On a not unrelated note, we have just learned that the private income we receive from completing cremation certificates will be diverted to fund the medical examiner service that is due to be rolled out in spring next year. In return, the service will complete cremation forms for us. Now, this will result in a loss of income, but surely less paperwork? Wrong. We will still have to complete all the paperwork for the medical examiner but – you guessed it – for free.

The thing is, no matter how much we gripe and groan and go for the jugulars of the idiots who come up with this nonsense (and believe me I have gone for more jugulars of ivory-tower-dwelling-out-of-touch-with-the-real-world-utterly-pointless-rule-devising-idiots than an XL Bully on anabolic steroids), they and we know that we will end up doing the work. Because at heart, most of us are soft-touch cardigan wearers who want the best for our patients.

On a completely unrelated matter, I see shadow health secretary Wes Streeting has just done a screeching U-turn on scrapping the GP partnership model. I can’t say I’m surprised – who else would do this job?

Dr David Turner is a GP in Hertfordshire.
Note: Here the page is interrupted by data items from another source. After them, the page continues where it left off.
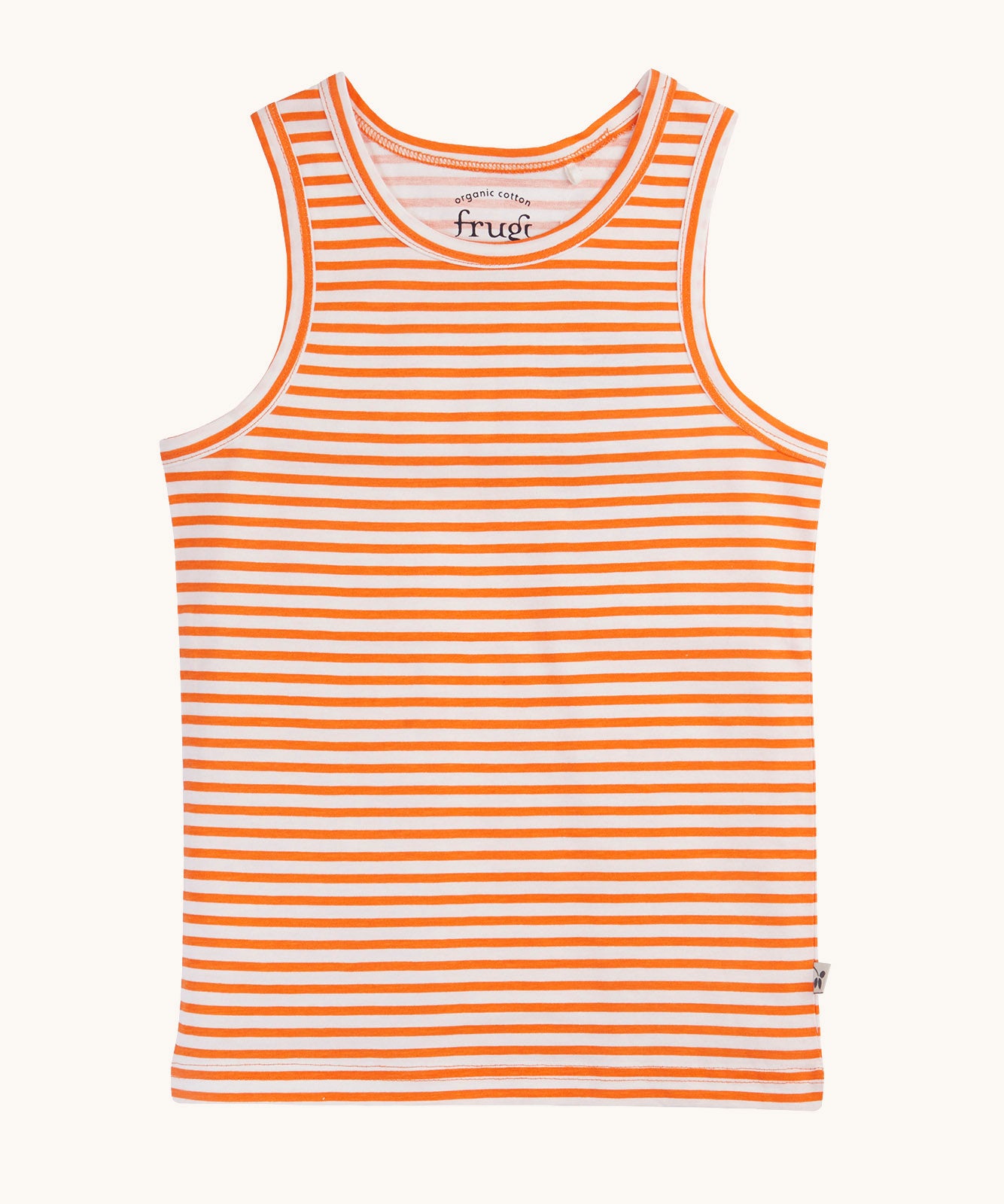 The orange and white striped top from the Frugi varlie vest 2 pack multipack. The vest has a bold orange and white striped design.
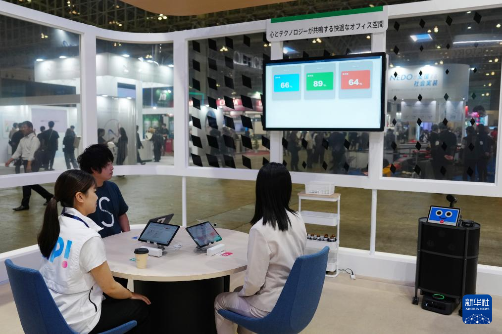 这是10月14日在日本千叶县举行的2025年日本高新技术博览会上拍摄的三菱公司的智能办公空间。
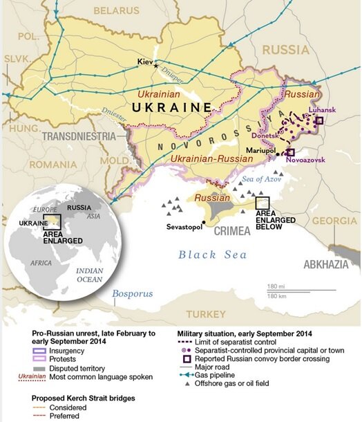 В статье сообщается, что хотя на Донбассе объявлено прекращение огня, сепаратисты не отказываются от своих условий по отделению от Украины. Также авторам сделано экскурс в историю Крыма и Южной Украины, начиная со времен Османской империи.
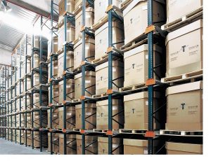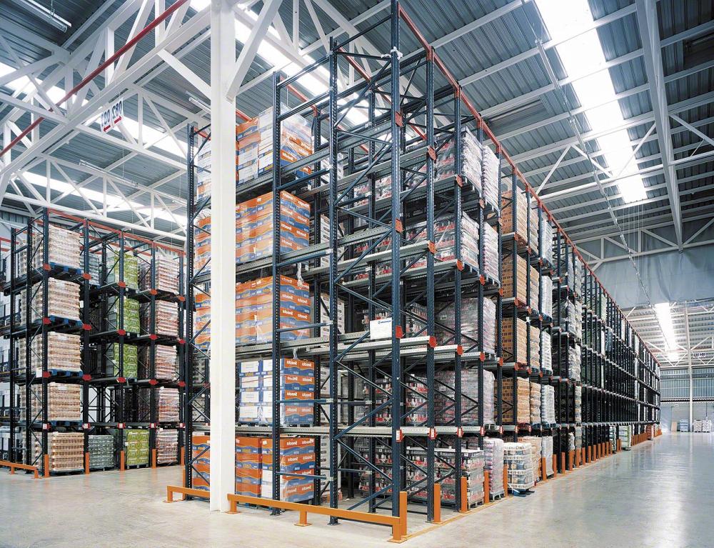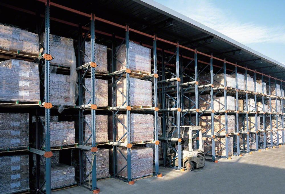 Todos los niveles de cada calle deben alojar la misma referencia, por lo que resulta idóneo para almacenar muchas tarimas de productos homogéneos con baja rotación.

Read more of his blogs here


          

READERS' COMMENTS [9]

Please note, only GPs are permitted to add comments to articles

David Church 23 October, 2023 6:43 pm

How on earth would it help a national shortage of weight loss drugs if a non-expert prescribes them inexpertly, so that thye are likely to be used less efficiently and waste quantities of these, apparently nationally scare, drugs.
That is a specialist who has lost the plot completely, and is unfit to practice medicine due to cerebral malfunction.
I hope the GMC detects them and ensures replacement with a more functional model – perhaps a bully-XL patient chaser??

Karen Potterton 23 October, 2023 9:58 pm

GLP-1 RAs are forbidden fruit now anyway, even for diabetics, let alone non diabetic fatties. That’s an easy ‘No’. Sad to see crem money going though. Well chosen target because any resistance on our part will impact bereaved relatives.

Angus Ross 24 October, 2023 7:14 am

Ironic that when politicians want patient centred are, we are increasingly getting GP centred care.

Monica Stevens 25 October, 2023 2:56 pm

GP centred care is what the GP can manage to fit into his 12+ hour day. It certainly is not helpful to GPs who are run ragged trying to manage all the requests from secondary care, and increasingly complex GP patients, all in the elastic ten minute consultations.

R B 25 October, 2023 6:47 pm

I wonder why the requests keep coming when we continually moan but acquiesce? A soft touch is completely correct, but ultimately this inability to say’No’ has been to the detriment of our patients and the care we are able to provide. A total lack of gumption from a profession that still prizes keeping people happy above sound clinical and non clinical decision making. Only ourselves to blame I’m afraid!

The Locum 26 October, 2023 12:53 am

Stop doing cremation forms. Non contractual. Let the examiner do them. Why on earth would you do these if not paid?

Decorum Est 26 October, 2023 10:33 pm

Agree with R B
Be a good GP and say ‘NO’ to everything else. Hard to do but etc…

David Jarvis 27 October, 2023 11:38 am

For the cremation stuff I increasingly feel minded to say I am just not happy to opine on the cause of death. Over to you.

a S 27 October, 2023 8:39 pm

with regard to cremation form. Fine I’ll fill it for free but then it’s your responsibilty to get the form to me. No i wount be taking time out of my busy day unpaid to drive to you, use up my expensive petrol , fill in the form then drive back to surgery so I end up finishing way past 6pm time I am paid till. You can eather post it to me and we’ll post it back with 1 week turn around or do it yourself.